Exercise brief: Transcribe each line below verbatim; pictures excluded.
----- Material provided -----
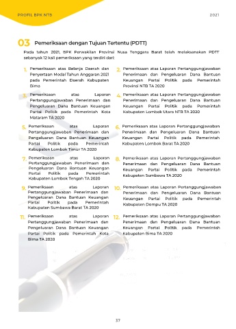 Pada tahun 2021, BPK Perwakilan Provinsi Nusa Tenggara Barat telah melaksanakan PDTT
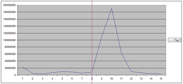 Это график общей мощности спектра. Затмение приходится на 8 день. Затем следует двухдневный спад. В принципе, это соотносится с давно известным фактом, что после новолуния происходит «энергетическое затишье».
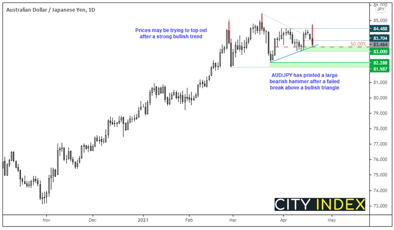 澳元/日元假突破对称三角形后于隔夜大力调头向下并形成一根大型看跌锤子K线,放大视野后我们发现这是2月底以来第三根大型看跌反转K线,表明后市可能构筑一个更大的触顶形态(即使可能并不是教科书般的形态,也并不令人愉悦)。
-----
Response to this exercise:
 Pada tahun 2021, BPK Perwakilan Provinsi Nusa Tenggara Barat telah melaksanakan PDTT
 Это график общей мощности спектра. Затмение приходится на 8 день. Затем следует двухдневный спад. В принципе, это соотносится с давно известным фактом, что после новолуния происходит «энергетическое затишье».
 澳元/日元假突破对称三角形后于隔夜大力调头向下并形成一根大型看跌锤子K线,放大视野后我们发现这是2月底以来第三根大型看跌反转K线,表明后市可能构筑一个更大的触顶形态(即使可能并不是教科书般的形态,也并不令人愉悦)。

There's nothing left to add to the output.